If A Mutable Reference To Memory Exists, No Other References To That Memory Exist.

Similar to Rust, Ki imposes this restriction to prevent data races: where one part of the code attempts to read a portion of memory while another part of the code attempts to write to it.

This also means that mutable references may not be copied. They can, however, be moved.

References Are Always Valid

This guarantee requires some constraints:

References May Not Be Stored In A struct Or type

Because the memory underneath the reference may be deallocated before the struct/type is, references may not be stored in them.

References May Not Be Passed To A gen Or async Function

This is for the same reason as the struct/type restriction, however, the &self reference is an exception.

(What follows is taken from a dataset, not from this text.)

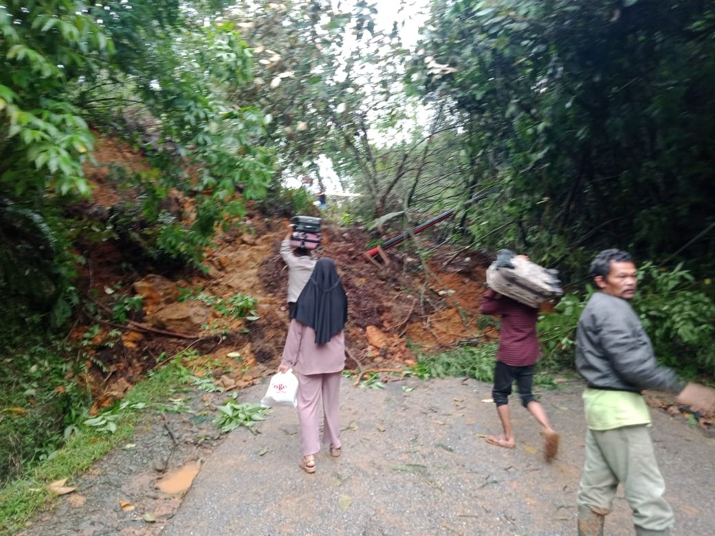 Kab. Solok, (Utamapost) – Karena intensitas curah hujan yang cukup tinggi mengakibatkan akses jalan nasional Kabupaten Solok – Kabupaten Solok Selatan mengalami longsor sepanjang 100 meter dengan ketinggian 10 meter, dan mengakibatkan jalan penghubung tersebut putus total.

Return Values May Not Be References

This is to prevent returning references to stack-allocated memory.

Moving Mutable References

It is sometimes helpful to pass mutable references from function to function. However, because there can only be one mutable reference to memory at a time, it cannot be copied (passed by value). It can also not be passed by reference, because we cannot take the reference of a reference. The only option left to us is to move the reference using *:

fn make_senior_citizen(Person &p!) {
    p.name = "Old " + p.name # Note that you'll get a **lot** of Old's...
}

fn have_a_birthday(Person &p!) {
    p.age++
    if (p.age > 30) {
        make_senior_citizen(*p)
        # Trying to use p after this point will result in a compiler error
    }
    # But using p again here is fine
}

fn main() {
    var charlie: Person("Charlie", 33) # Immutable
    var hillary: Person("Hillary", 68) # Immutable
    var barack:  Person("Barack",  55) # Immutable

    have_a_birthday(&charlie!)
}

Getting A Reference Back

Because you can either have many immutable references or a single mutable reference, it's important to be able to keep track of them. The various restrictions Ki places on references are designed to ensure that references can always travel back up in scope. The last example can serve as an example of this as well:

fn make_senior_citizen(Person &p!) {
    p.name = "Old " + p.name # Note that you'll get a **lot** of Old's...
}

fn have_a_birthday(Person &p!) {
    p.age++
    if (p.age > 30) {
        make_senior_citizen(p!) # Move p (&charlie) down into `make_senior_citizen`'s scope
        # Could use `p!` again here because `make_senior_citizen` no longer has
        # the mutable reference 
    }
}

fn main() {
    var charlie: Person("Charlie", 33) # Immutable
    var hillary: Person("Hillary", 68) # Immutable
    var barack:  Person("Barack",  55) # Immutable

    have_a_birthday(&charlie!) # Move &charlie down into `have_a_birthday`'s scope
}

This is essentially why references cannot be stored in structs or types, and why they cannot be passed to gen/async functions: allowing these would allow references to be trapped in different scopes, which requires much more complicated bookkeeping (Rust's borrow checker, for example) to verify.